Nun allerdings, da der Häusermarkt zusammengebrochen ist und die Börsen von einem schwarzen Freitag zum nächsten schlingern, befürchten viele Geldinstitute zwischen New York und Los Angeles das Schlimmste: dass bei Kreditkartenschulden der nächste Dammbruch droht. Schon im ersten Halbjahr mussten sie mehr als 20 Milliarden Dollar abschreiben, die bei säumigen Zahlern nicht mehr hereinzuholen waren - und bis Ende 2010 könnten weitere 55 Milliarden an Miesen hinzukommen, schätzen Analysten. "Die Kreditkartenverluste werden steigen", bestätigt Richard Kovacevich, Aufsichtsratschef der Großbank Wells Fargo, gegenüber stern.de. Er fürchtet zwar keine Wiederholung des Häusermarkt-Debakels, doch der Aderlass, glaubt er, "wird beträchtlich sein".

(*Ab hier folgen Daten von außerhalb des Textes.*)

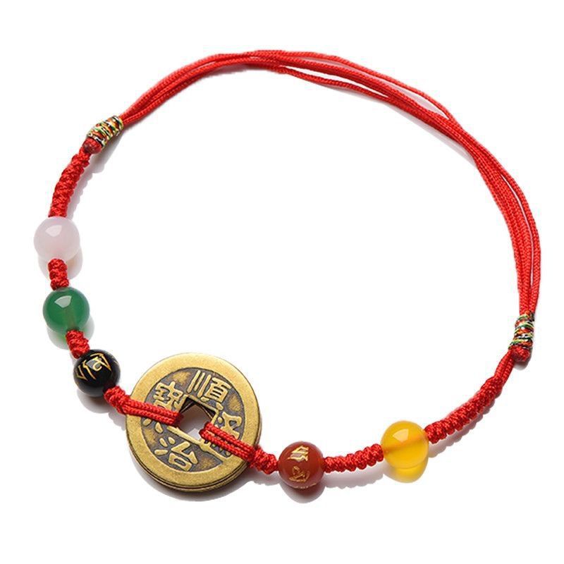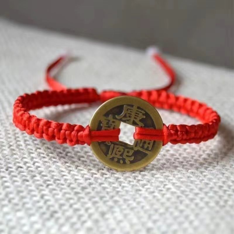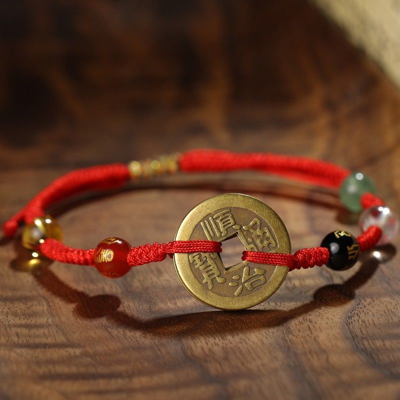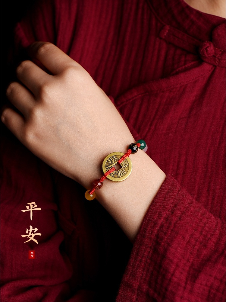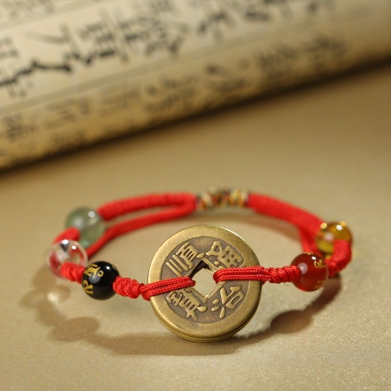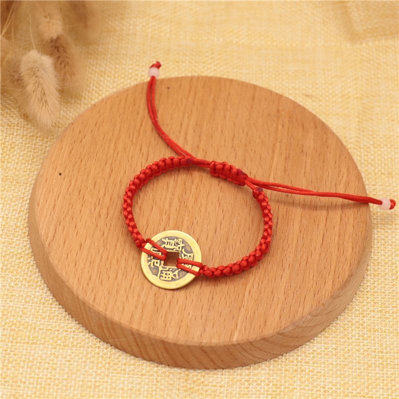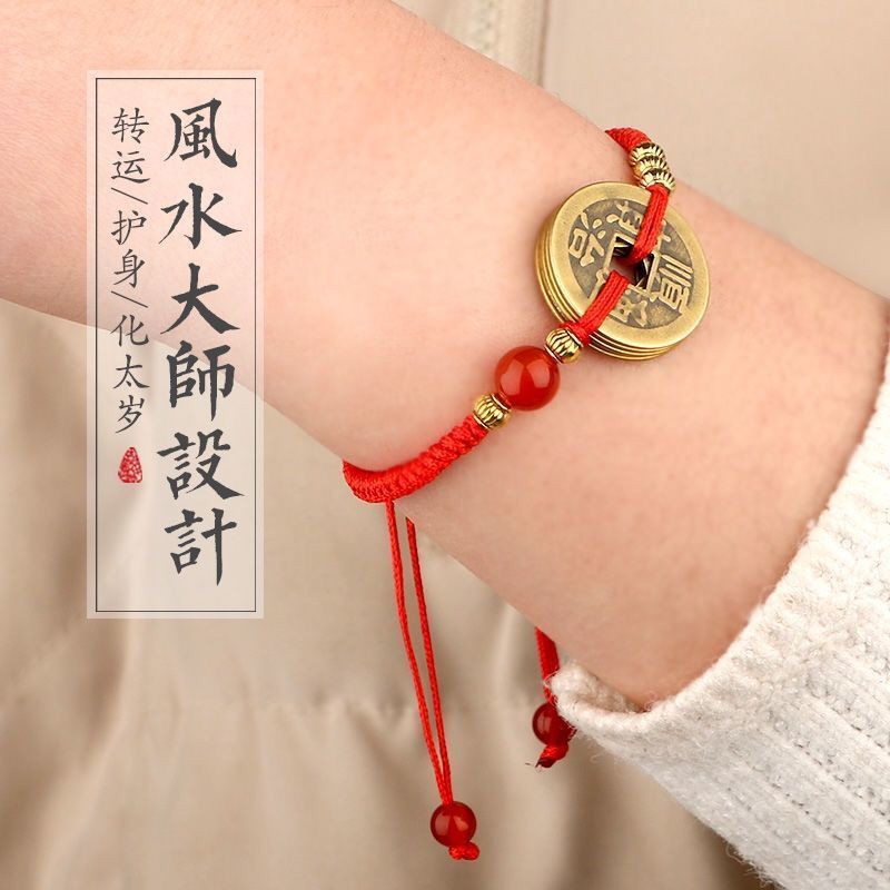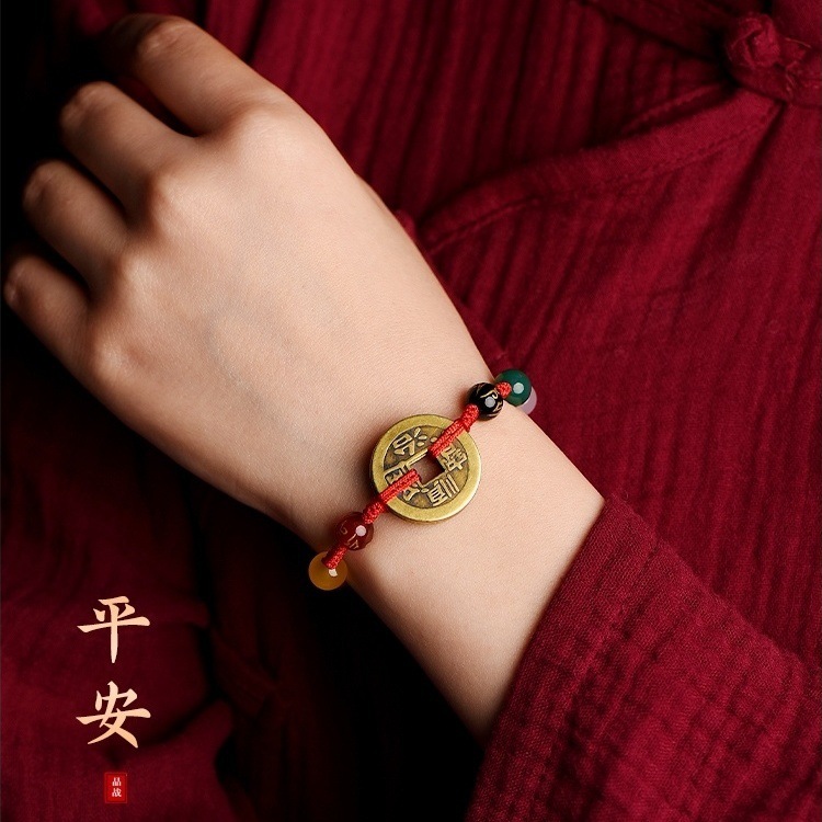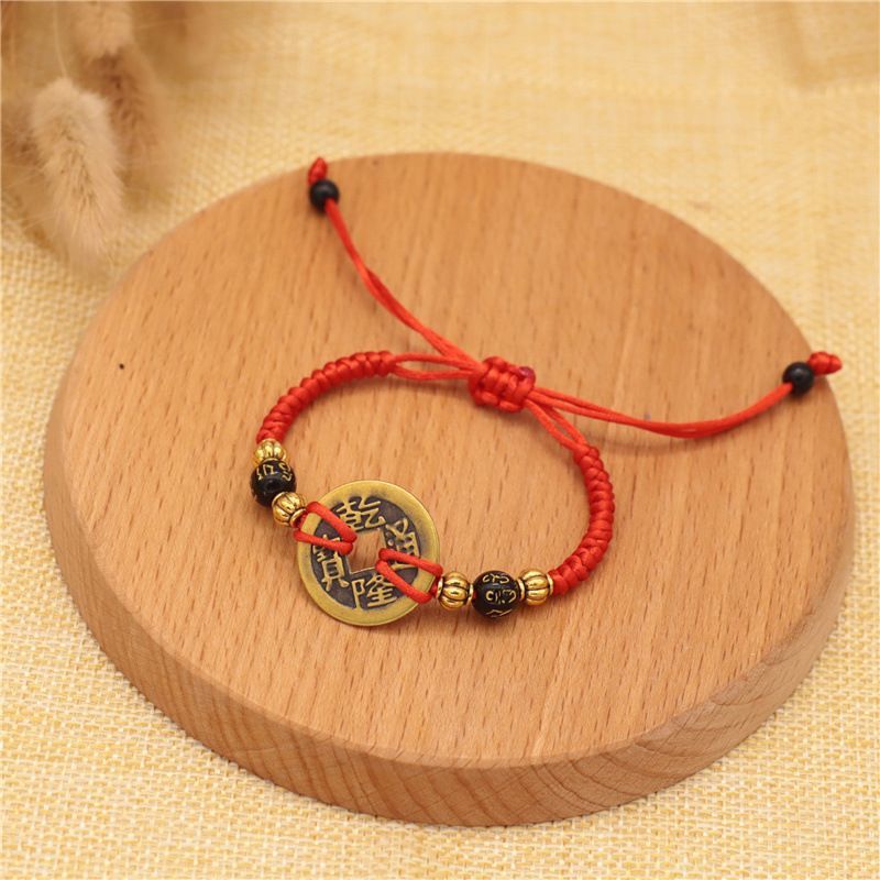 厂家新款铜钱红绳手链六字真言五行珠五帝钱红绳手链男女铜钱手链

Immer mehr Amerikaner, die ihre Rechnungen nicht zahlen können, flüchten sich in den Privatkonkurs oder suchen Hilfe bei Schuldnerberatungen, die mit den Gläubigern vergünstigte Konditionen aushandeln. Ein Beispiel sind Krista und Joe Wallis, die der stern im Frühjahr in Oklahoma City besuchte: Das Paar hatte eine erdrückende Last von mehr als 30.000 Dollar an Schulden angehäuft ehe es sich Hilfe suchend an den gemeinnützigen Credit Counseling Service of Oklahoma, einer Schuldenberatung, wandte. Nach langem Tauziehen ließen sich die Gläubigerbanken auf niedrigere Zinsen und andere Zugeständnisse ein, die es dem Ehepaar Wallis erlauben, seine Schulden über Jahre hinweg in kleinen Zahlungen zu begleichen.

Eine frische Brise bei den Wallis

"Es ist mühsam, so als wollte man mit einem Teelöffel eine tiefe Grube graben", berichtet Krista Wallis, die als Sekretärin bei der Luftfahrtbehörde FAA arbeitet. "Aber irgendwann schaut man sich um und sieht, wie viel man schon geschafft hat - das macht Mut." Etwa 6000 Dollar haben die 38-Jährige und ihr Mann inzwischen zurückgezahlt, und das Telefon, das früher Sturm klingelte, gibt nun Ruhe. Offene Arztrechnungen, die nicht Teil des Entschuldungsprogramms sind, führen noch manchmal dazu, dass Gläubiger anrufen - doch anders als früher wagen Joe und Krista Wallis es nun wieder, ans Telefon zu gehen. "Wir versuchen, kleine Beträge zurückzuzahlen", sagt Joe, denn bei diesen Schulden müssen sie keine horrenden Zinsen von 20 Prozent und mehr mitbedienen, wie das bei ihren Kreditkarten üblich war.

"Wir sind mit keiner unserer Zahlungen mehr im Rückstand", erklärt der 41-jährige Computerfachmann stolz, und auch sonst hat sich das Blatt gewendet: Bei seinem Arbeitgeber Dell wechselt Joe im November auf einen besser bezahlten Managerposten, und seit kurzem versucht er sich zusammen mit seiner Frau als Feierabend-Unternehmer. Auf einem Basar stießen die beiden auf eine Firma, die Duftkerzen ohne Docht herstellt und sie nach dem Tupperwaren-Prinzip unters Volk bringt: Private Vertreter organisieren Partys in der guten Stube und kassieren im Gegenzug einen Teil der Einnahmen. "Es ist ein wunderbares Produkt, mit dem ich mich hundertprozentig identifiziere", schwärmt Krista Wallis, denn da die Kerzen ihren Duft ohne Flamme verströmen, könne nie versehentlich ein Feuer ausbrechen.

So riecht es nun im Wallis-Häuschen am Stadtrand von Oklahoma City nach "Clean Breeze" (einer frischen Brise), nach Clementine, Zimt und auch ein bisschen, sehr angenehm, nach Geld - denn gleich die erste Verkaufsparty spülte über 1200 Dollar in die Kasse; das bedeutet bei 25 Prozent Kommission gut 300 Dollar Gewinn. "Ich überlege ständig, wie ich das Geschäft ankurbeln kann", erzählt Krista begeistert, "ich gehe völlig darin auf." Die nächsten drei Partys stehen schon auf dem Programm, und wenn es so weitergeht, könnte die Nebenbeschäftigung dem Pärchen helfen, seine Schulden schneller abzutragen als geplant. Fünf Jahre hätten sie Zeit, doch Joe gibt sich zuversichtlich: "Wir sind fest davon überzeugt, dass wir es in drei Jahren schaffen können."